# New Hymer dealers appointed



## Hezbez (Feb 7, 2009)

Including one in Scotland;

http://www.outandaboutlive.co.uk/Mo...turers/Hymer-appoints-new-dealers/_ch1_nw1911

Apologies if this is old news and has already been discussed.


----------



## bognormike (May 10, 2005)

it has, but the scottish one wasn't mentioned!

http://www.motorhomefacts.com/ftoptitle-121246-good-news-for-hymer-owners.html

http://www.motorhomefacts.com/ftoptitle-121149-highbridge-somerset-announced-as-a-dealer.html

we're waiting for south east & north west England to be announced. 8)


----------



## Hezbez (Feb 7, 2009)

Knowepark in Scotland - according to their website 8 Hymer models are 'coming soon'.

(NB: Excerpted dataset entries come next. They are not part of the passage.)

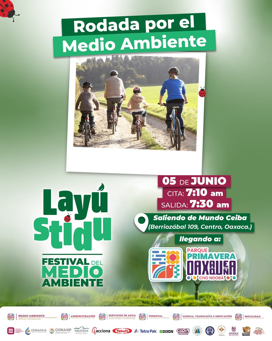 Oaxaca de Juárez, Oax. 4 de junio de 2025.- El Gobierno del Estado invita a sumarse al arranque del Festival del Medio Ambiente “Layú Stidu”, que iniciará este 5 de junio con la Rodada por el Medio Ambiente, un paseo en bicicleta abierto a toda la población.
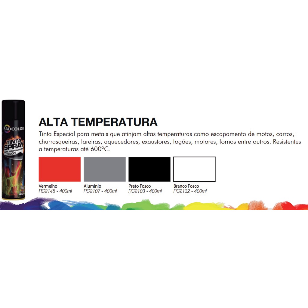 Tinta Spray Alta Temperatura 600º Alumínio (400 ml) Radnaq
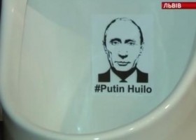 Туалетний креатив. Портрет російського президента Путіна наклеїли у пісуари в одному із ресторанів Львова.
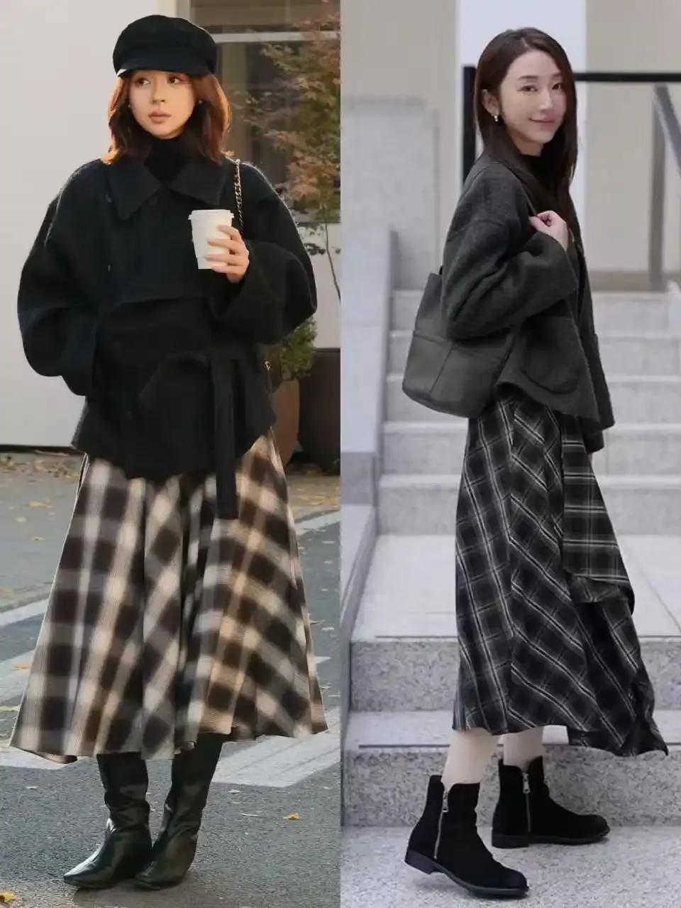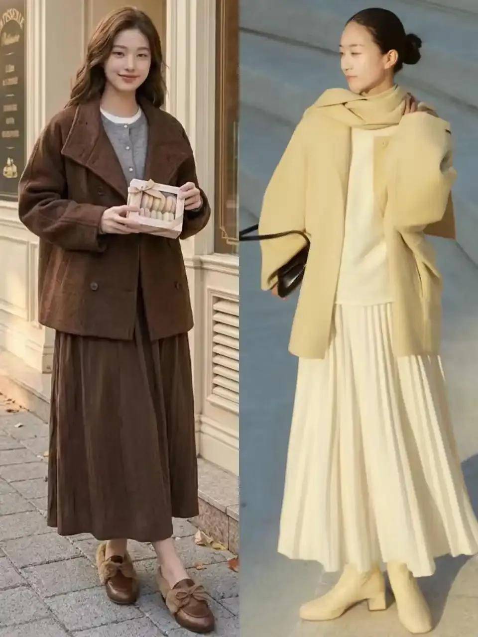 若想打破沉闷,不妨以一身焦糖棕针织与百褶裙,晕染出醇厚的暖意; 亦或是换上灰衫与格纹伞裙,在极简中勾勒出英伦的雅致。 这般穿搭,不挑肤色,不限年龄,只留一份岁月静好的从容与高级。
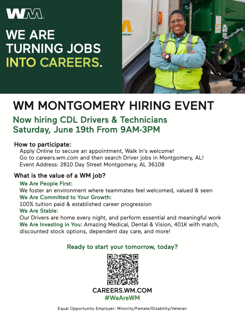 Waste Management is looking for new employees and will host a Hiring Event Saturday, June 19 from 9 a.m. to 3 p.m. The event will be held at 2810 Day Street in Montgomery.
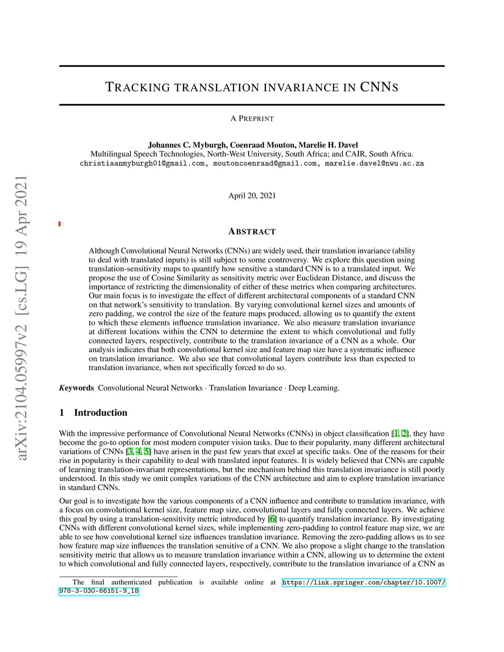 Tracking translation invariance in CNNs
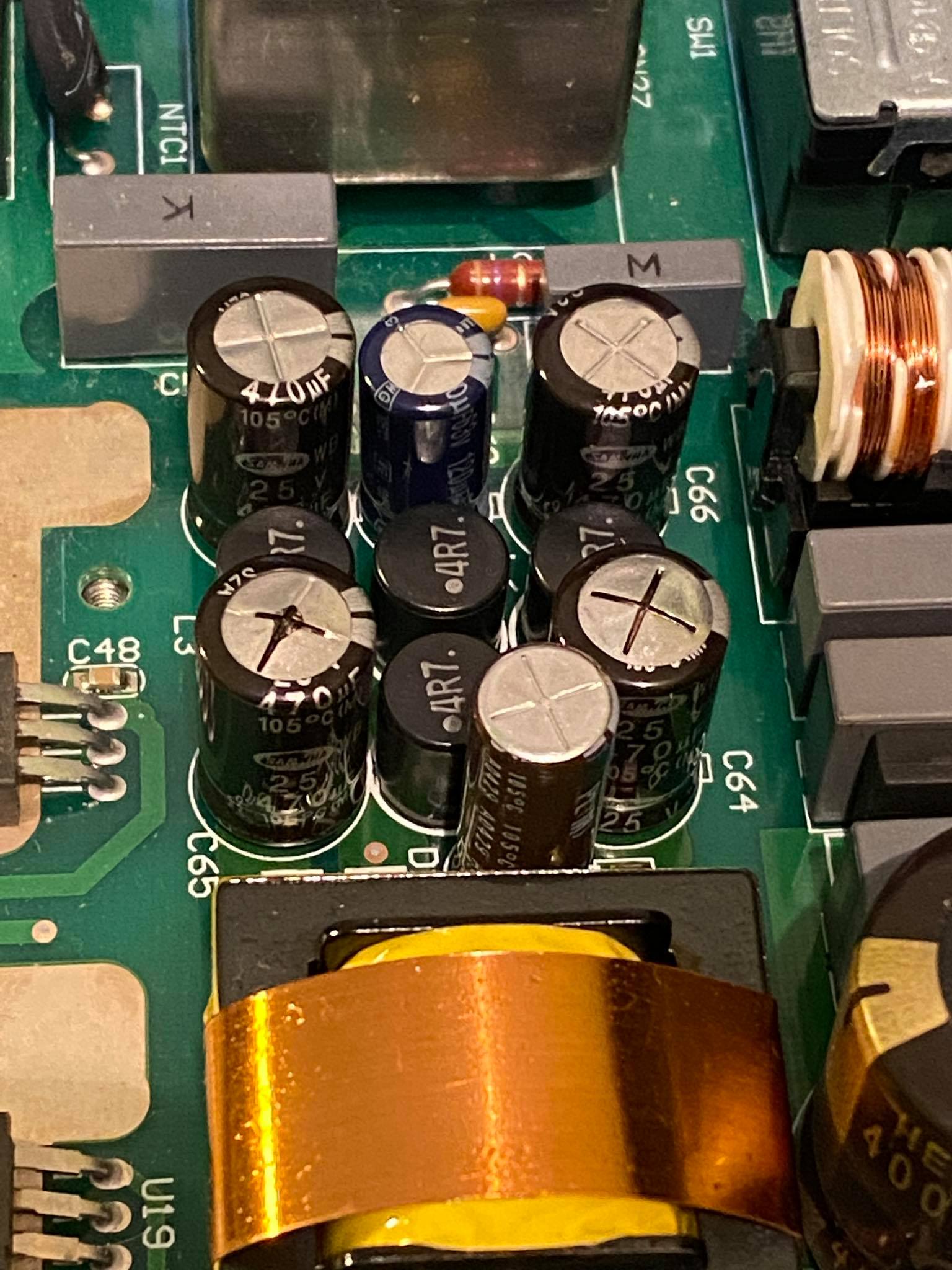 If we look at the photos of the PSU, we can see 2 caps are bulging a bit, and seem to have some burned black stuff on the top. I'm assuming they are not working. Is the possible reason for this the cap on their right side, position C61? It is not the same as C62, and it should be. I think someone might have replaced this one in the past, with an incorrect one, causing the following two to burn?

http://www.kpcm.co.uk/cgi-bin/sales.pl?v_make=0&v_form=M&v_new=N&action=Find&show_head=N


----------



## 113016 (Jun 5, 2008)

Should be very interesting!
I have been to two of these dealers and others within the last few days and the part exchange price allowance offered varied by 37%.
Ok I do understand it depends on the profit on the vehicle that I am buying, but that is a huge percentage difference.
It just shows how greedy some dealers are!


----------